* _Record excerpts_

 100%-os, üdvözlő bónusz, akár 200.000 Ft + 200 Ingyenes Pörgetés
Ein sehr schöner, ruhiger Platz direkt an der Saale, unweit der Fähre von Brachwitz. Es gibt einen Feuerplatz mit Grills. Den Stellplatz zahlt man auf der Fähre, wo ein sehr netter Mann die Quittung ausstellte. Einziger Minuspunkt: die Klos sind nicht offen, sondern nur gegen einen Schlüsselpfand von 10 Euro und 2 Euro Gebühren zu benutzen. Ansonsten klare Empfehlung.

* * *

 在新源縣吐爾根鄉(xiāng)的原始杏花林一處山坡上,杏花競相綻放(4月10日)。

==

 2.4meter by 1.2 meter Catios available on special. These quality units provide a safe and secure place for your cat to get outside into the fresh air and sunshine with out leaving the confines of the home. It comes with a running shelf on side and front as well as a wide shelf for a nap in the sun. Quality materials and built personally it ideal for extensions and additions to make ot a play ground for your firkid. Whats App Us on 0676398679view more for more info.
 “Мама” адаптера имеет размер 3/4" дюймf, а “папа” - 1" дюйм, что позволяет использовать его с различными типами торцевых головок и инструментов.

* _What the task requires_
Which lines above run from the one containing "100%-os, üdvözlő bónusz, akár" down to the one containing "Ein sehr schöner, ruhiger"? Repeat exactly those, both ends included, and nothing else.

* _Exercise result_
 100%-os, üdvözlő bónusz, akár 200.000 Ft + 200 Ingyenes Pörgetés
Ein sehr schöner, ruhiger Platz direkt an der Saale, unweit der Fähre von Brachwitz. Es gibt einen Feuerplatz mit Grills. Den Stellplatz zahlt man auf der Fähre, wo ein sehr netter Mann die Quittung ausstellte. Einziger Minuspunkt: die Klos sind nicht offen, sondern nur gegen einen Schlüsselpfand von 10 Euro und 2 Euro Gebühren zu benutzen. Ansonsten klare Empfehlung.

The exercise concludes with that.